Иногда приходила молчаливая Олегова мама в длинном халате. Улыбалась ребятам, ставила на табурет чайник, блюдце с сахаром и тарелку с сушками или бутербродами.
В середине дня подкатывала к воротам забрызганная голубая «эмка» — это приезжал на обед старший Наклонов. Он был начальником какого-то треста.
У всех, кроме Мишки Гельмана, были отцы. Толика это удивляло. В классе, где учился Толик, больше чем у половины ребят отцы не вернулись с войны. А здесь, у робингудов, только и слышишь: «отец велел», «папа обещал купить», «это папин фонарик был, он мне его насовсем отдал»… Толик не завидовал. Радоваться надо, что робингудам так в жизни повезло. Но иногда скреб его по душе горький коготок.

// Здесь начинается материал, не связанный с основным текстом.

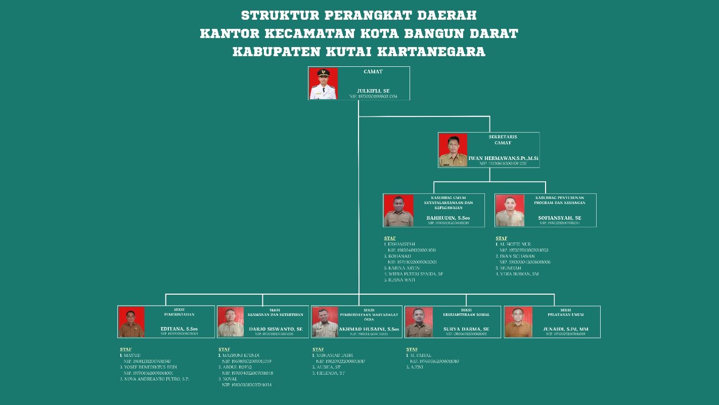 "Kecamatan Kota Bangun Darat berkomitmen untuk melayani masyarakat dengan baik, transparan, dan terus berkembang. Kami berharap informasi yang ada di website ini bermanfaat bagi warga dan dapat mendukung kemajuan bersama."

Война есть война, от отца осталась только довоенная фотография да воспоминания о скрипучей портупее и шероховатой гимнастерке со звездочкой на рукаве. Но, может быть… может быть, мама и Дмитрий Иванович наконец по-настоящему полюбят друг друга и решат пожениться? Раньше Толика царапала мысль: а не будет ли это изменой отцу? Потом он решил, что не будет. Измена — это если бросают живого. Вот как, например, на той квартире, где они с мамой жили раньше, к соседке тете Клаве вернулся из госпиталя одноногий муж, а она ему: «Куда ты мне такой? У меня другой есть, с руками-ногами…» Если бы отец вернулся хоть какой, хоть совсем искалеченный, для Толика, для мамы, для Вари было бы такое счастье… Но что теперь делать, раз его нет? А Дмитрий Иванович хороший человек. Если бы они с отцом воевали в одном полку, то могли бы стать боевыми друзьями…
Или если бы мама познакомилась получше с Арсением Викторовичем… Но нет, он старый, мама за него не пойдет…
Несколько раз Толик забегал к Арсению Викторовичу. Тот радовался, угощал чаем. Однажды Толик пришел, когда Курганов регулировал хронометр. Отверточкой поворачивал медные цилиндрики на балансире. Он доверил Толику подержать в ладонях тикающий механизм. Сердце хронометра стучало доверчиво и ласково, даже с каким-то мурлыканьем. С такой доверчивостью сидит на руках у знакомого человека соскучившийся котенок.
Толик улыбнулся про себя и не стал пока рассказывать, как сам ставил точное время и запускал хронометр. Нет, он не боялся, что Курганов рассердится или обидится. Просто хронометр и Толик словно договорились сейчас: пусть у них двоих будет своя тайна…
Курганов спросил:
— Ну а как там… мое творение? Печатается?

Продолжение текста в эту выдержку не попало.